### [What the task requires]
In the data below, one line contains "George IV (1820-1830), Sixpence, 1828, bare" and a later one contains "This page presents". Print both, with every line between them, exactly and alone.
··· Data
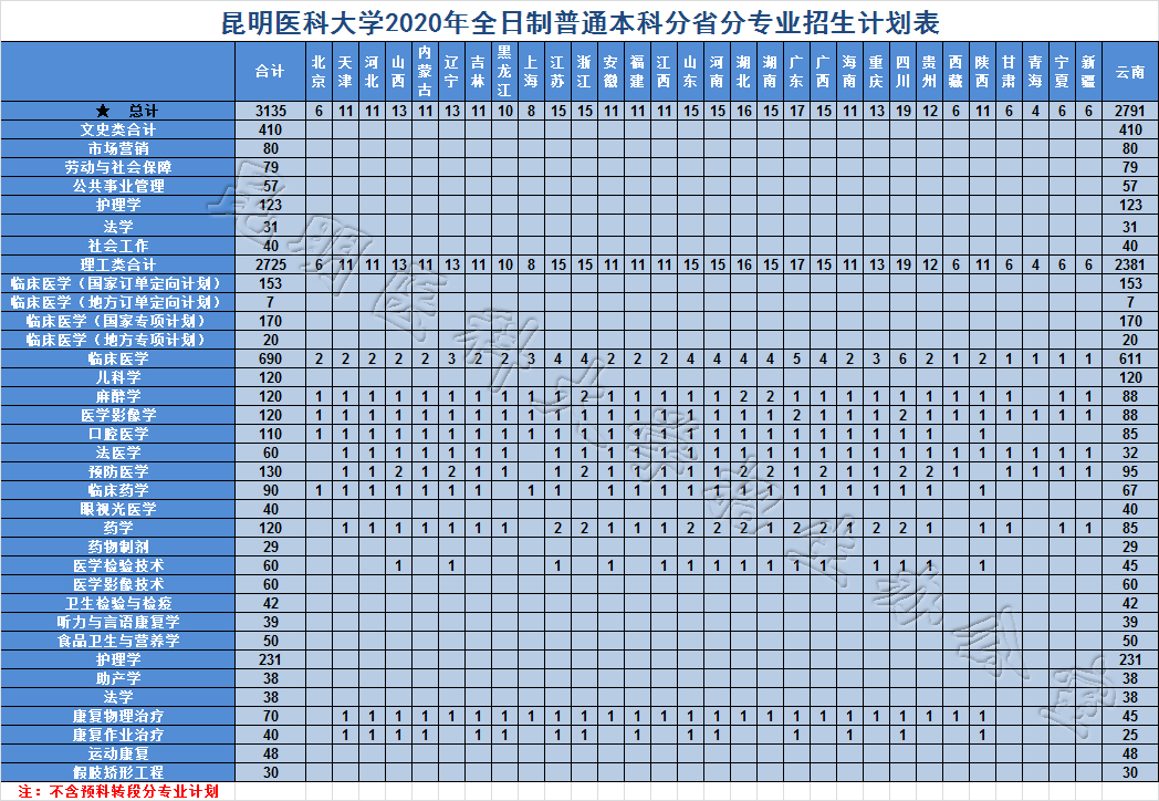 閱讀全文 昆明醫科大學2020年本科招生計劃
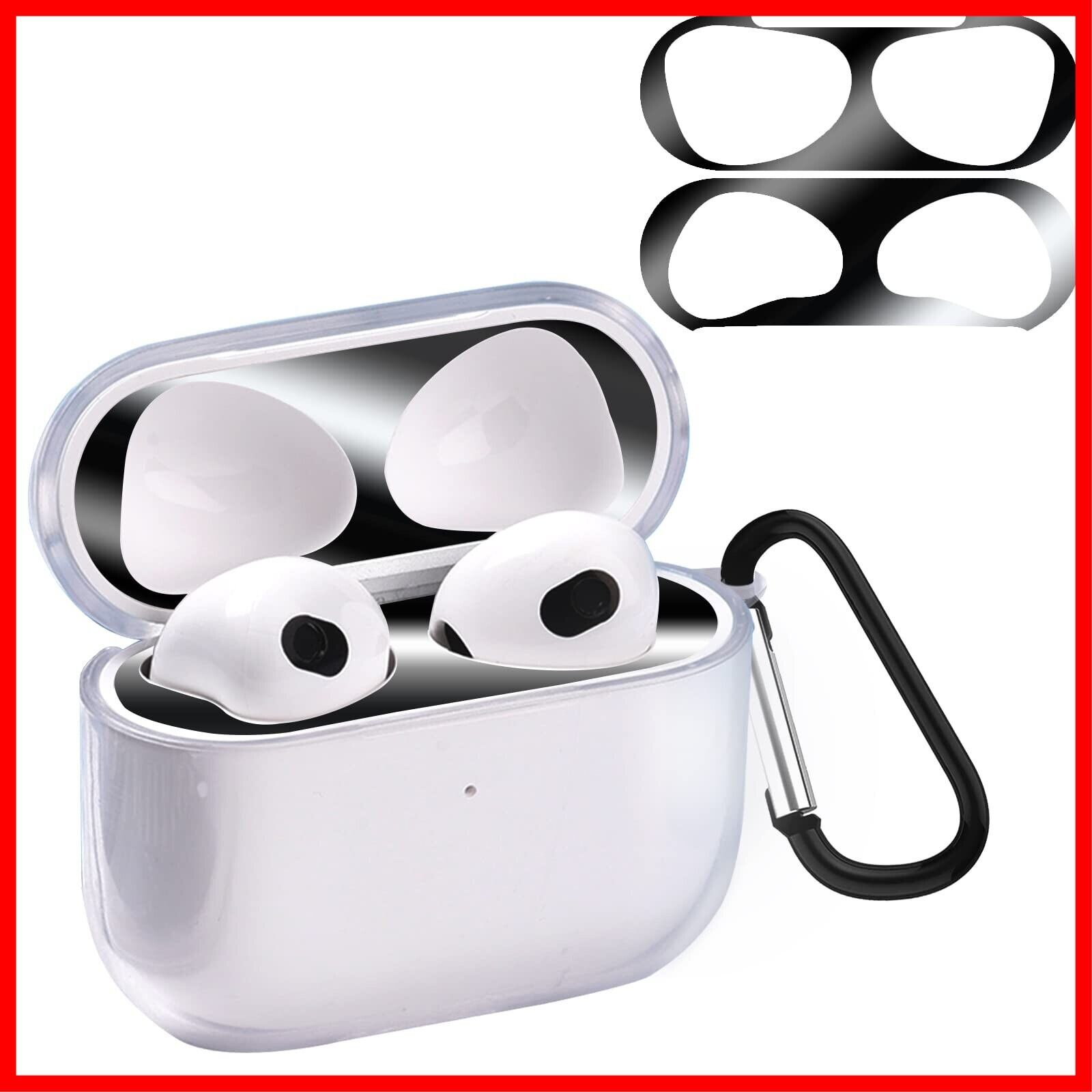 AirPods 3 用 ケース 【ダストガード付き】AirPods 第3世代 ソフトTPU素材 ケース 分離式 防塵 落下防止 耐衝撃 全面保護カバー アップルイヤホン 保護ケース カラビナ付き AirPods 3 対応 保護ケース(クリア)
······
··· Data
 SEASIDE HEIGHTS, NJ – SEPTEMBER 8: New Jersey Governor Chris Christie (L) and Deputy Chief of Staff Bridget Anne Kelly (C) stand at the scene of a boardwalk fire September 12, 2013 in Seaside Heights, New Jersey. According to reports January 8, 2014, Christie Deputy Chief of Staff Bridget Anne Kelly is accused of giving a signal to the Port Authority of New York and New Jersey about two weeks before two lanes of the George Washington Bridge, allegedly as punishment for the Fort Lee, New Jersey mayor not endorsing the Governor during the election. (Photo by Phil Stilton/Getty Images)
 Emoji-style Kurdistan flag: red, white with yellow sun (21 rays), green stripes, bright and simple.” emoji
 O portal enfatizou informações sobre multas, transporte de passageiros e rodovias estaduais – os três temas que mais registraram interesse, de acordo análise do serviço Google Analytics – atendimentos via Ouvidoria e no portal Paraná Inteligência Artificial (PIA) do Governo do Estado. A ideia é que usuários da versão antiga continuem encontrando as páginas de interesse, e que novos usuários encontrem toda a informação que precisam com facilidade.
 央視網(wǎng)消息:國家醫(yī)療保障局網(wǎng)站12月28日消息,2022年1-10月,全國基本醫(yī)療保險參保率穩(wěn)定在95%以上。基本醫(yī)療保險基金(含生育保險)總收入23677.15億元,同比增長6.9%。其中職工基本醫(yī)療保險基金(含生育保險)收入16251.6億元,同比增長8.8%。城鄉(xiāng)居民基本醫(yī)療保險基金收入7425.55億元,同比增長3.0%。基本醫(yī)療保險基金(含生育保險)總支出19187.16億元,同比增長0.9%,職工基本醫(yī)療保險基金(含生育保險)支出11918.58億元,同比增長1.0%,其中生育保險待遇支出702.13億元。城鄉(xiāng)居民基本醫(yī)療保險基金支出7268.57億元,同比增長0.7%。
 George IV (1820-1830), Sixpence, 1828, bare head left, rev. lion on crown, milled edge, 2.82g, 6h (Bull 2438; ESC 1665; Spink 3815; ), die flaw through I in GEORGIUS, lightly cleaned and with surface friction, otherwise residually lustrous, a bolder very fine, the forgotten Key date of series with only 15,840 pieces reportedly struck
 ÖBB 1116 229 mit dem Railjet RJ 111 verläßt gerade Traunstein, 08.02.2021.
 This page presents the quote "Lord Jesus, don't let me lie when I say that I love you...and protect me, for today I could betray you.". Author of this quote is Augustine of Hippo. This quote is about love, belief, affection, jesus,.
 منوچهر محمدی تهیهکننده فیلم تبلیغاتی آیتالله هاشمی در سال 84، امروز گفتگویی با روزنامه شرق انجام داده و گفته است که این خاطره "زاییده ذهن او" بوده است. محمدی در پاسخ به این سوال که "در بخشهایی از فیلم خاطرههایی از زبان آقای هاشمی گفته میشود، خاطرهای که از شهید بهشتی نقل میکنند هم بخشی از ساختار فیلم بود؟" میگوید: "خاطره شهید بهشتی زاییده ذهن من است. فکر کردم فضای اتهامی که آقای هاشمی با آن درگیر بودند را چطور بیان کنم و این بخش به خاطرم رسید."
······
··· Data
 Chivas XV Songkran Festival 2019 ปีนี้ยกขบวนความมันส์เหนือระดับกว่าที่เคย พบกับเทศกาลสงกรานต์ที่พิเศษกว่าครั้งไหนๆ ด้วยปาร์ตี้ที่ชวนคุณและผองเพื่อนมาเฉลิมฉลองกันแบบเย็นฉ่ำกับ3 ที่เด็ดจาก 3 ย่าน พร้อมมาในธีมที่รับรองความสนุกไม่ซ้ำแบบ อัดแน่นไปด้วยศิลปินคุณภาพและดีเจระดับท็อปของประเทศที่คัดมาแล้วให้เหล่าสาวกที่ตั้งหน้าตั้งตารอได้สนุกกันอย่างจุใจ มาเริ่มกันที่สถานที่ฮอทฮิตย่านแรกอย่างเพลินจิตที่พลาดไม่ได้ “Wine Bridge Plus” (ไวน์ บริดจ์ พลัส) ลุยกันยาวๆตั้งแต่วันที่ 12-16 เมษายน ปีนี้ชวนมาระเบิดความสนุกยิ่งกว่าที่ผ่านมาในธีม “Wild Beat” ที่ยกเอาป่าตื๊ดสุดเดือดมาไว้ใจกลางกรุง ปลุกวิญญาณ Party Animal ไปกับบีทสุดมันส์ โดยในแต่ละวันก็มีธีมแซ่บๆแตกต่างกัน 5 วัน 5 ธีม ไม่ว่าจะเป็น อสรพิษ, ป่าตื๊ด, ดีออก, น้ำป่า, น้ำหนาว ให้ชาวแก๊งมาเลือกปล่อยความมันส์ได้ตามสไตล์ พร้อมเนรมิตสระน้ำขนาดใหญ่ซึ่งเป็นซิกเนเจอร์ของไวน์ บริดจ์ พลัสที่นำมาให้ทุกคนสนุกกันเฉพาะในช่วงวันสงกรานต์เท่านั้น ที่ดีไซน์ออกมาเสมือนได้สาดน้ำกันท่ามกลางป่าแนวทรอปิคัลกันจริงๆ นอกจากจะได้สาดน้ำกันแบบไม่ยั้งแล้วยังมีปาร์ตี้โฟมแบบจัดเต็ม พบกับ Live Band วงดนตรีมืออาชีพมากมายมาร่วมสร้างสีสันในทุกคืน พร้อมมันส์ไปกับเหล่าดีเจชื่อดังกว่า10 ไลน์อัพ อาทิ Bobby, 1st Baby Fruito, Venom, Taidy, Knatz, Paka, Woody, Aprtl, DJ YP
······
### [Finished exercise]
 George IV (1820-1830), Sixpence, 1828, bare head left, rev. lion on crown, milled edge, 2.82g, 6h (Bull 2438; ESC 1665; Spink 3815; ), die flaw through I in GEORGIUS, lightly cleaned and with surface friction, otherwise residually lustrous, a bolder very fine, the forgotten Key date of series with only 15,840 pieces reportedly struck
 ÖBB 1116 229 mit dem Railjet RJ 111 verläßt gerade Traunstein, 08.02.2021.
 This page presents the quote "Lord Jesus, don't let me lie when I say that I love you...and protect me, for today I could betray you.". Author of this quote is Augustine of Hippo. This quote is about love, belief, affection, jesus,.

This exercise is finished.